EV charging coverage by region

import matplotlib.pyplot as plt

chargers = client.eeca("eeca_ev_chargers_public", as_sf=True)
by_region = chargers.groupby("region").size().sort_values(ascending=False)
by_region.head(10).plot.barh(title="Public EV chargers by region")
plt.show()
library(dplyr)
library(ggplot2)

chargers <- eolas_get_eeca("eeca_ev_chargers_public", as_sf = TRUE)
by_region <- chargers |> count(region) |> arrange(desc(n))
ggplot(head(by_region, 10), aes(reorder(region, n), n)) +
  geom_col() + coord_flip() +
  labs(title = "Public EV chargers by region")

EV adoption + charging gap

metrics = client.eeca("eeca_ev_metrics_district")
# Districts with EV registrations growing faster than charger rollout
metrics["ev_per_charger"] = metrics["ev_registrations"] / metrics["chargers_per_district"]
print(metrics.sort_values("ev_per_charger", ascending=False).head(15)[["district", "ev_per_charger"]])

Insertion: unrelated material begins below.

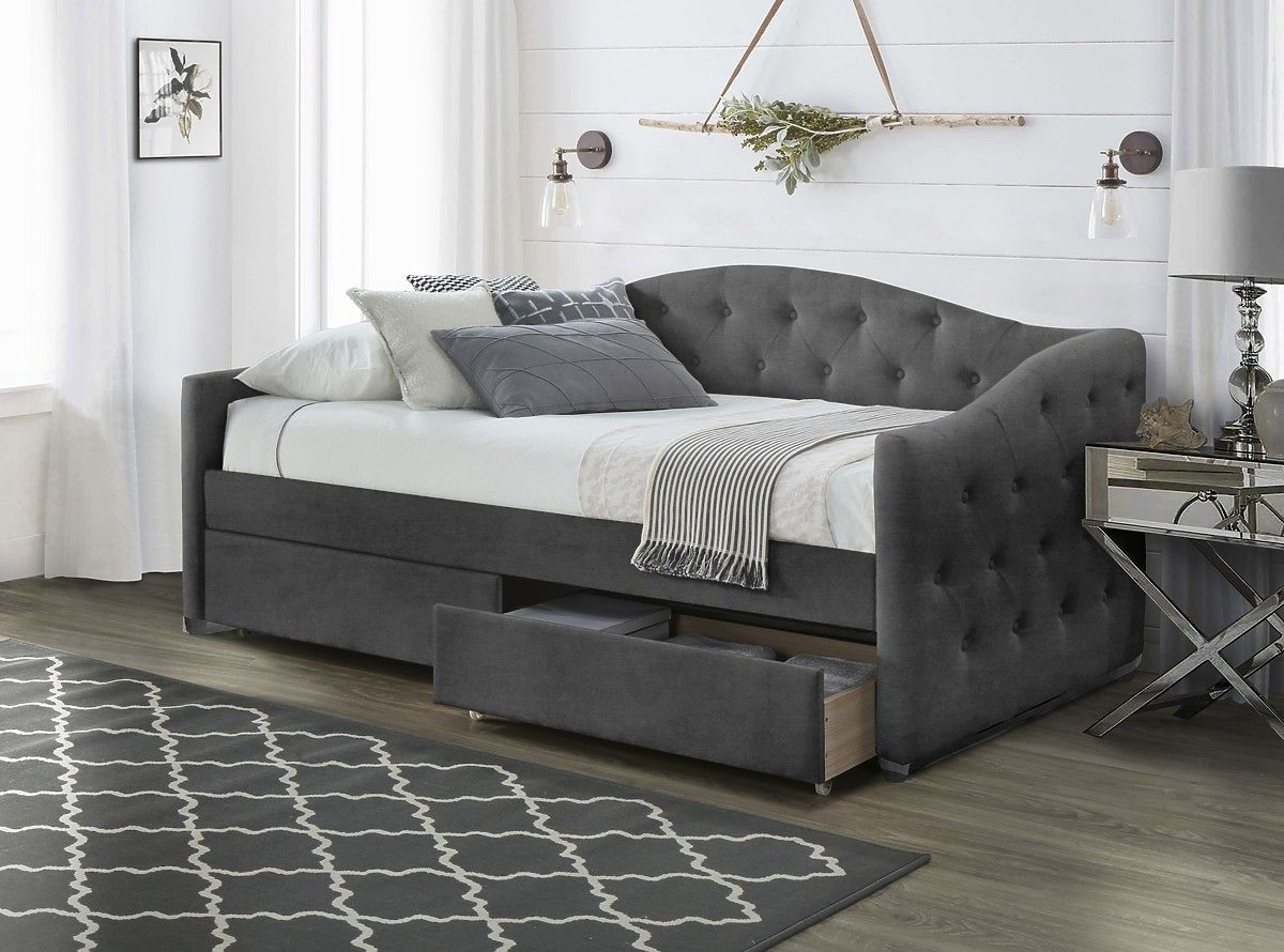 Az ALOHA kárpitozott ágy esztétikus formájú fejtámlával rendelkezik, amely megkülönbözteti és érdekes dizájnelemet kölcsönöz neki. A fejtámlán és az oldalakon található foltvarrás fényűző megjelenést és vonzerőt kölcsönöz a bútoroknak. A sötétszürke szín ezután a nyugalom és az elegancia érzetét kelti, ami ideális a pihenéshez és az alváshoz. A sötétszürke szín könnyen kombinálható más színekkel, díszítőelemekkel, így ízlésed szerint alakíthatod a hálószoba megjelenését.

Industrial heat demand by sector

heat = client.eeca("eeca_regional_heat_demand")
# By sector + temperature band (drives boiler-replacement priorities)
pivot = heat.pivot_table(values="heat_demand_gwh", index="sector", columns="temp_band", aggfunc="sum")
print(pivot)

Energy end-use by sector

eeud = client.eeca("eeca_energy_end_use")
# Latest year, by sector
latest = eeud[eeud["year"] == eeud["year"].max()]
print(latest.groupby("sector")["energy_pj"].sum().sort_values(ascending=False))

Source-specific notes

  • EECA public chargers vs NZTA: EECA's eeca_ev_chargers_public is similar to NZTA's nzta_ev_charging but published independently. EECA's data is more current for sites EECA co-funded; NZTA is broader. Use both for a complete picture.
  • EEUD methodology: the Energy End Use Database is a modelled product — it combines census data, energy retail data, and end-use surveys to estimate consumption. Not measured at the meter; expect ±10-15% uncertainty on individual cells.
  • Heat demand temperature bands: industrial heat is classified by required temperature (typically <100°C, 100-300°C, >300°C). Lower-temperature processes (food, drying) are more electrifiable than high-temperature ones (cement, steel).
  • Co-funding status: charger sites that received EECA funding are flagged in _cofunded. Useful for policy evaluation (did co-funding fill the right gaps?).
  • District-level EV metrics: a useful proxy for council-level decarbonisation reporting. EECA also publishes vehicle-fleet data not (yet) in eolas.
  • Charging "speed" tiers: data distinguishes Level 1 (slow), Level 2 (medium), DC fast (50-150kW), DC ultra-fast (150+kW). Different infrastructure types serve different use cases (overnight at home vs road trip).